Когда негодяй ушел, Гектор включил телевизор. На экране хохотали клоуны:
– Встречаются как-то две амебы. Одна другой и говорит: «А ну-ка убери от меня свои ложноножки! Ха-ха-ха!»
Телефон полиции 02, – думал он. – Почему именно два? 01 – телефон пожарной службы. Почему именно один? Почему телефон скорой помощи только на третьем месте?
При пожаре горят в основном здания. На девятьсот пожаров в среднем одна человеческая жертва. Пожар уничтожает в первую очередь имущество. Но когда звонят 02, здесь уже одна жертва на три вызова. А когда 03 – помощь нужна только людям, имущество уже не причем. Вот и выходит, что имущество важнее человеческих жизней. Спасение жизней только после спасения домов и ценностей.

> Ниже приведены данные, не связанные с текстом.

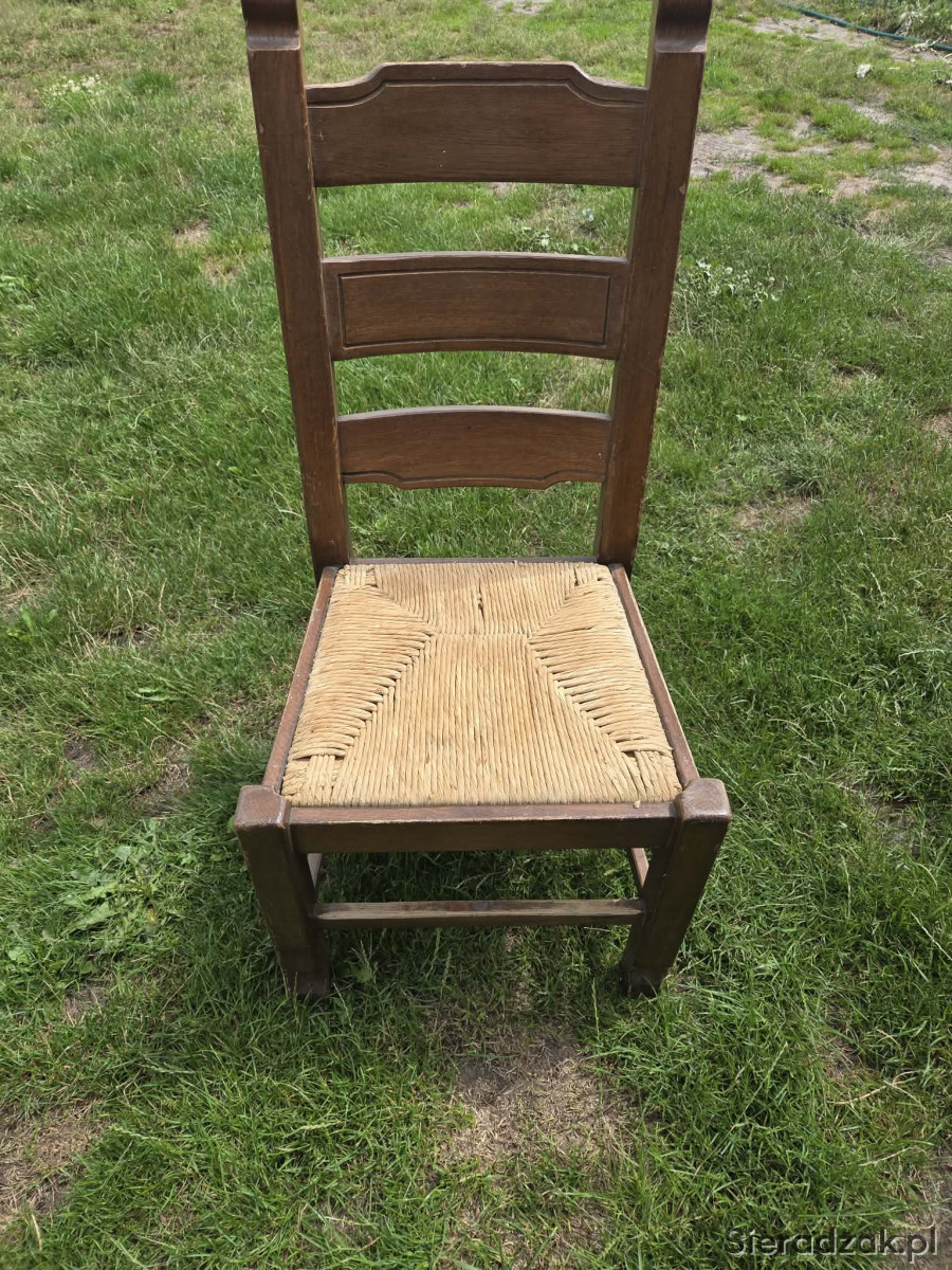 Stylowy, rustykalny drewniany fotel z plecionym siedziskiem. Posiada charakterystyczne, rzeźbione oparcie. W dobrym stanie, nadaje się do wykorzystania w ogrodzie lub na tarasie jako część wiejskiego, przytulnego wystroju.

Кто придумал такую извращенную шкалу? Государство. Но что такое государство?
Кто это? Что это за спрут, который смеет ставить жизнь на третье место? Я всегда представлял себе государство как огромный желудок, в котором все мы перевариваемся и никак не можем перевариться просто потому, что у желудка большие проблемы с кислотностью. Очень здоровые желудки были в двадцатом веке: всякие большие и малые диктатуры переваривали до смерти добрую половину населения, а из остальных вываривали мозги. Кто такая эта полиция, которую я должен боятся? Делайте со мной все что хотите, но я все равно говорю, что это неправильно.
Зазвонил телефон.
– Это опять я, – сказал Шурик. – Я тут поговорил со своими, они согласны дать тебе не пятьдесят, а пятьдесят три процента. Но это же не просто так, надо будет отрабатывать. Они ребята жесткие. Как, просек?
3
Это был небольшой прямоугольный контейнер с красным номером 250 и кодовым замком. Пальцы набрали код из шести цифр и помедлили. Пальцы были короткими, загорелыми, с белыми толстыми ногтями – пальцы человека, всю жизнь работавшего руками, бившего молотом, копавшего землю лопатой и может быть, даже царапавшего ее. Кожа на пальцах была плотная, в старых трещинах и шрамах. Пальцы казались такими неуклюжими, что им было тяжело нажимать маленькие светящиеся кнопки.
Валин стоял, наклонив голову и смотрел на пальцы шефа. Как может быть, чтобы шеф такой лаборатории, как эта, имел подобные пальцы? – думал он. – Кто он? Чем он занимался раньше и чего он добивается сейчас?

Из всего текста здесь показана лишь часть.